##### The records #####

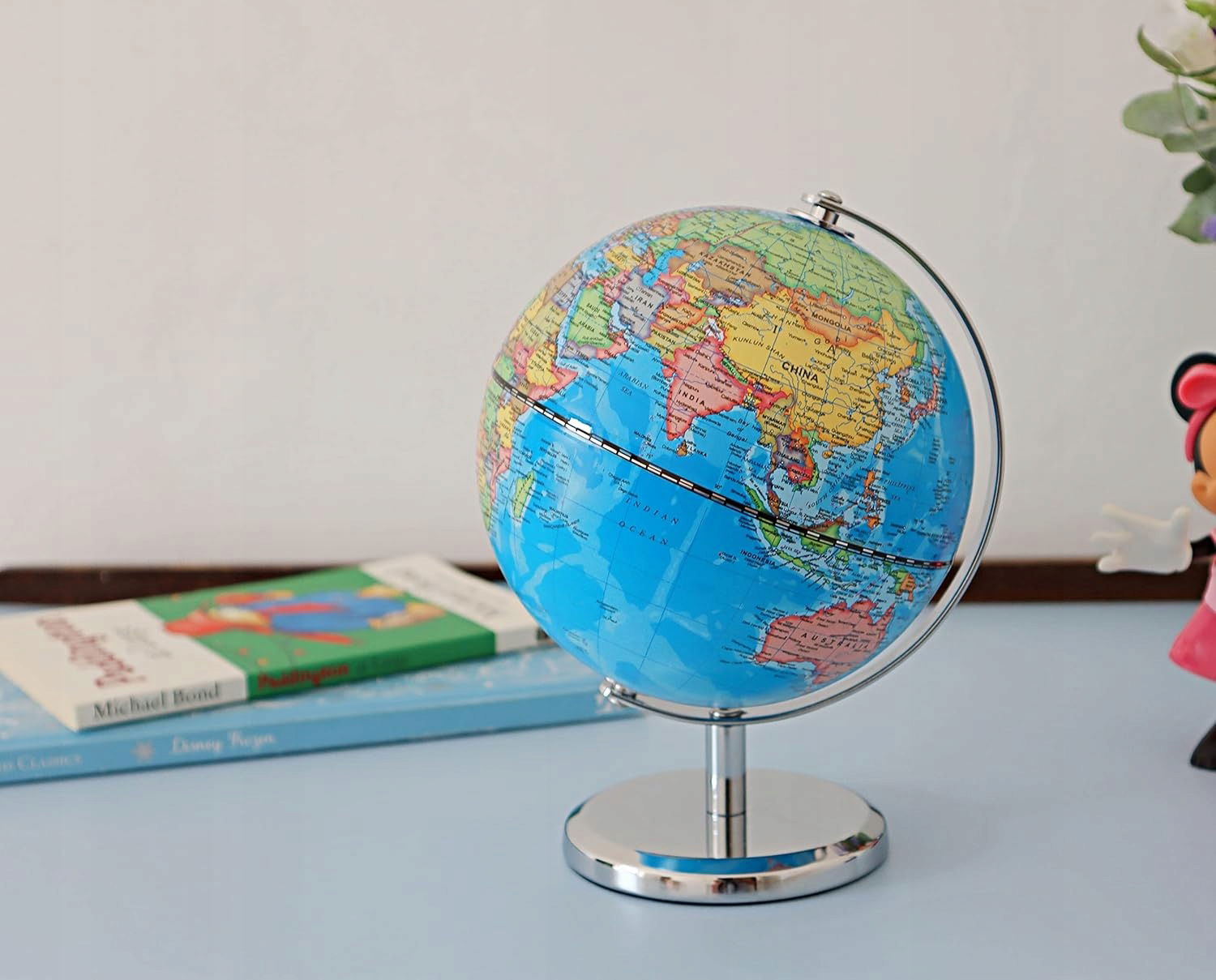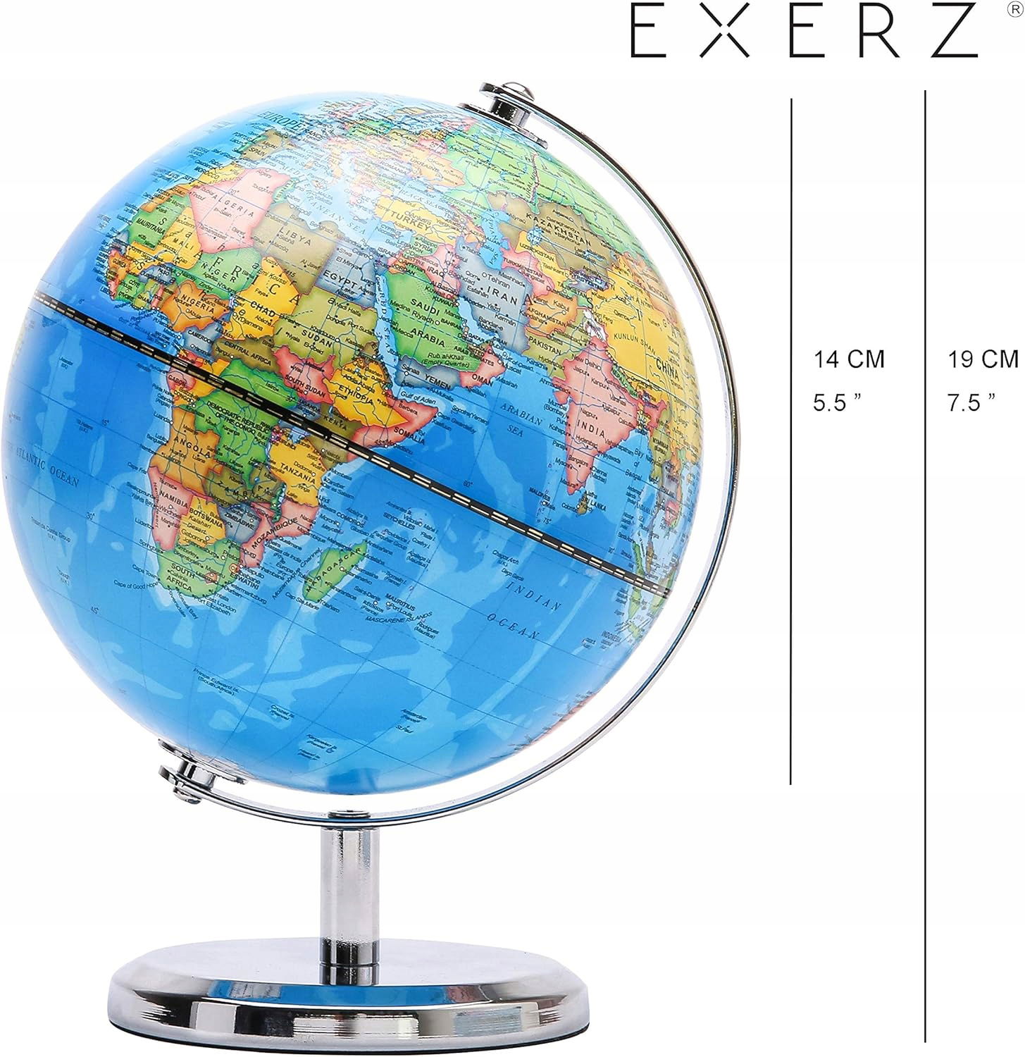 Exerz 14 cm globus dla ucznia, edukacja i zabawa, obrotowy globus, średnica: 14 cm, łatwy odczyt stref geograficznych; obraca się na stabilnym stojaku.
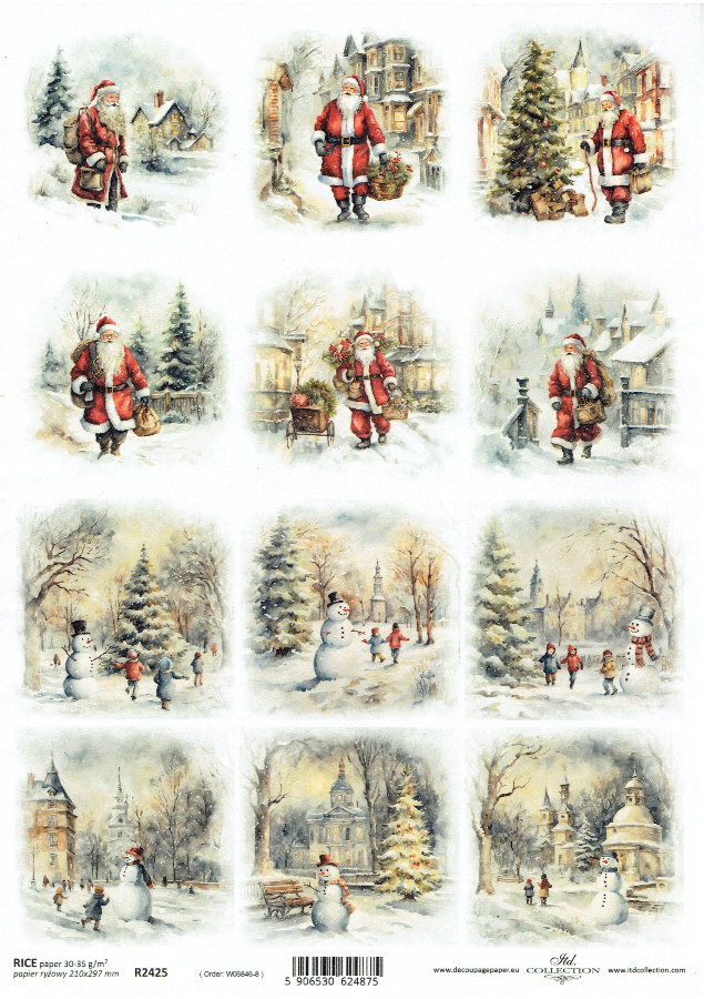 Papier ryżowy A4 ITD do decoupage - widok zimowy, pejzaż, dzieci, Mikołaj, zima
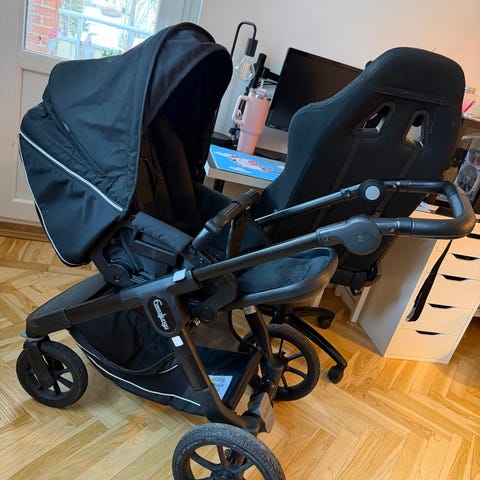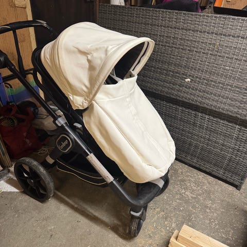 Ingår myggnät och solskydd. Samt adapter till babyskydd (maxicosi)
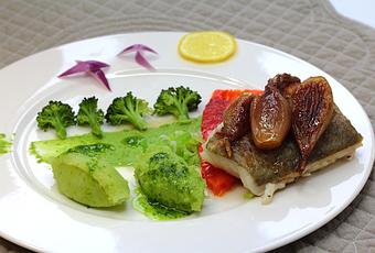 - Assemble the dish, serving a layer of pea cream, a few pieces of broccoli, and small balls of mashed potatoes. Place roasted pepper strips, cod and end up with a caramelized shallots.
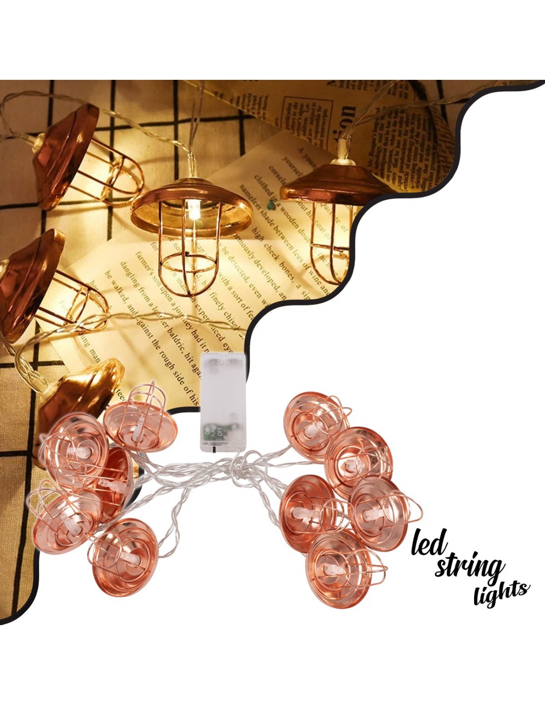 79807 Διακοσμητική Γιρλάντα Bronze Lamp 2 Μέτρα με Διακόπτη On/Off - 10 LED 1W με Μπαταρίες 2xAA & Διάφανο Καλώδιο IP20 Θερμό Λευκό 2700K Μ2m
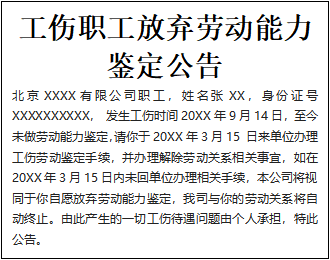 北京XXXX有限公司職工,姓名張XX,身份證號XXXXXXXXXX, 發(fā)生工傷時間20XX年9月14日,至今未做勞動能力鑒定,請你于20XX年3月15 日來單位辦理工傷勞動鑒定手續(xù),并辦理解除勞動關(guān)系相關(guān)事宜,如在20XX年3月15日內(nèi)未回單位辦理相關(guān)手續(xù),本公司將視同于你自愿放棄勞動能力鑒定,我司與你的勞動關(guān)系將自動終止。由此產(chǎn)生的一切工傷待遇問題由個人承擔,特此公告。
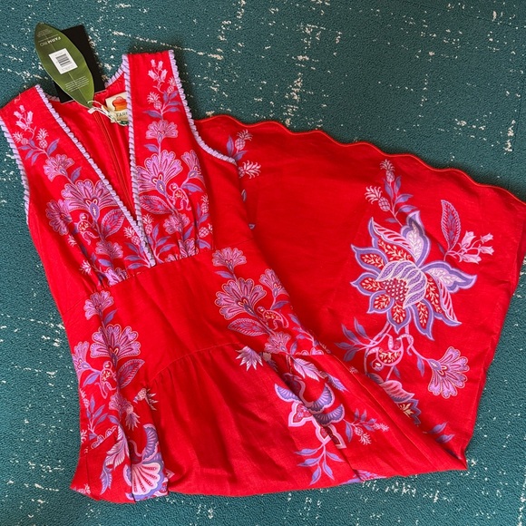 Vibrant red dress with intricate floral embroidery. Sleeveless design. Perfect for summer outings.
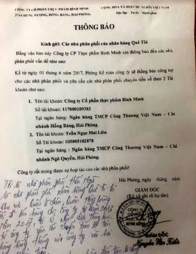 Một đại diện Nhà phân phối tại khu vực quận Hải An, Ngô Quyền cũng cho biết, từ đầu tháng 6-2017, sau khi nhận thông báo như nêu trên của Công ty Bình Minh nên đã chuyển trả tiền hàng theo đúng yêu cầu. Ngoài ra, các nhà phân phối K. (ở Hải Dương), Ch. (ở Nam Định), Th. (ở Hà Nội) cũng đều có xác nhận là năm 2017, họ đã nhận được thông báo như nêu trên và từ đó họ đã chuyển tiền trả tiền hàng cho Công ty Bình Minh vào 2 tài khoản.

#####

Directions> The answer is the entries above, given again exactly, with no pictures among them.

Written response>
 Exerz 14 cm globus dla ucznia, edukacja i zabawa, obrotowy globus, średnica: 14 cm, łatwy odczyt stref geograficznych; obraca się na stabilnym stojaku.
 Papier ryżowy A4 ITD do decoupage - widok zimowy, pejzaż, dzieci, Mikołaj, zima
 Ingår myggnät och solskydd. Samt adapter till babyskydd (maxicosi)
 - Assemble the dish, serving a layer of pea cream, a few pieces of broccoli, and small balls of mashed potatoes. Place roasted pepper strips, cod and end up with a caramelized shallots.
 79807 Διακοσμητική Γιρλάντα Bronze Lamp 2 Μέτρα με Διακόπτη On/Off - 10 LED 1W με Μπαταρίες 2xAA & Διάφανο Καλώδιο IP20 Θερμό Λευκό 2700K Μ2m
 北京XXXX有限公司職工,姓名張XX,身份證號XXXXXXXXXX, 發(fā)生工傷時間20XX年9月14日,至今未做勞動能力鑒定,請你于20XX年3月15 日來單位辦理工傷勞動鑒定手續(xù),并辦理解除勞動關(guān)系相關(guān)事宜,如在20XX年3月15日內(nèi)未回單位辦理相關(guān)手續(xù),本公司將視同于你自愿放棄勞動能力鑒定,我司與你的勞動關(guān)系將自動終止。由此產(chǎn)生的一切工傷待遇問題由個人承擔,特此公告。
 Vibrant red dress with intricate floral embroidery. Sleeveless design. Perfect for summer outings.
 Một đại diện Nhà phân phối tại khu vực quận Hải An, Ngô Quyền cũng cho biết, từ đầu tháng 6-2017, sau khi nhận thông báo như nêu trên của Công ty Bình Minh nên đã chuyển trả tiền hàng theo đúng yêu cầu. Ngoài ra, các nhà phân phối K. (ở Hải Dương), Ch. (ở Nam Định), Th. (ở Hà Nội) cũng đều có xác nhận là năm 2017, họ đã nhận được thông báo như nêu trên và từ đó họ đã chuyển tiền trả tiền hàng cho Công ty Bình Minh vào 2 tài khoản.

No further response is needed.